The eighth round of negotiations on the North American Free Trade Agreement (NAFTA) are expected to take place sometime next month. While progress has been made, the thorniest issues have yet to be addressed. One of the most contentious issues is dispute settlement. There are three main types, and all are controversial. The most fundamental dispute provision is Chapter 20, the Agreement’s state‐to‐state dispute settlement mechanism, which allows the government of any NAFTA country to file a complaint when it believes another government is violating the Agreement. The future of Chapter 20 is particularly uncertain. In October last year, the U.S. pushed a proposal that would make Chapter 20 “non‐binding” by allowing parties to a dispute to ignore the findings of an independent body of jurists (referred to as a panel). This change would take Chapter 20 in the wrong direction, as it would make NAFTA less useful as an instrument to promote and enforce trade liberalization.
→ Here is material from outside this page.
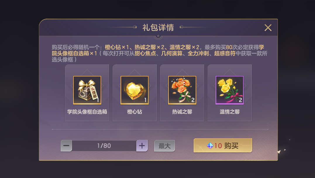學(xué)院秘寶限時(shí)售賣,每抽可得任意獎(jiǎng)勵(lì):橙心鉆*1、熱誠之馨*2、溫情之馨*2,最多購買80次必定獲得學(xué)院頭像框自選箱(內(nèi)含甜心焦點(diǎn)、幾何演算、全力沖刺、超感音符頭像框)。

In a recent paper, my colleague Simon Lester and I examine the history of NAFTA Chapter 20, showing that the mechanism has not been used all that much. While there have been twenty‐one disputes initiated since 1994, only three have gone to a panel and had decisions rendered. Strikingly, no panel has been composed since 2000. Why? We argue that NAFTA’s state‐to‐state dispute settlement chapter has a fundamental flaw in its provisions, which effectively allow the responding party to the dispute (the country being complained against) to block the formation of a panel.
In the late 1990s, Mexico initiated a dispute against the United States related to restrictions on sugar imports, and soon discovered the glitch in the system. Basically, in order for a panel to be composed, there has to be a list of individuals to choose from. This list, or roster, as it’s referred to, is supposed to be established by the parties when the agreement enters into force (to be updated over the years). However, a problem arises when there is no roster. In that situation, the responding party can block any of the complainant’s proposals for panelists. Thus, if one of the parties fails to appoint people to the roster, the panel process breaks down and the dispute settlement mechanism cannot function.
To find a remedy to this problem, we look at recent developments in state‐to‐state dispute settlement chapters in other trade agreements, notably, the Trans‐Pacific Partnership (TPP) (now the recently signed CPTPP), the Canada‐European Union Comprehensive Economic and Trade Agreement (CETA), and the draft of the Japan‐European Union Economic Partnership Agreement (JEEPA), which is still being negotiated. These modern trade agreements have all attempted to address the problem of lapsed rosters and panelists appointments, in their own way. Some have provisions that give the complaining party the authority to appoint panelists when the responding party refuses to cooperate, while others give this authority to an independent third party, or the co‐chairs of a joint committee, who are high‐ranking government officials of each party, and must arrive at a decision together.
We conclude that much of the problems with state‐to‐state dispute settlement in the NAFTA could have been resolved if the U.S. had stayed in the TPP, as that agreement, on the whole, appears to address the problem of panel composition. However, since there is no indication that the U.S. will rejoin the TPP anytime soon, we note some key principles that could help guide the NAFTA renegotiation of Chapter 20:
[T]he roster should not be a hurdle to appointing panelists; an independent third party can act as a facilitator in the panel appointments; and, without an independent third party, the complainant should have the power itself to appoint, in order to prevent the respondent from delaying panel formation (p. 15).
Ultimately, a functioning state‐to‐state dispute mechanism is an essential feature of any trade agreement, because if the obligations cannot be enforced, then the cost of noncompliance would be low. This undermines the impact of trade agreements, and is why making Chapter 20 non‐binding would seriously weaken any benefits that can be accrued from a modernized NAFTA. We hope that the NAFTA negotiators take these considerations into account.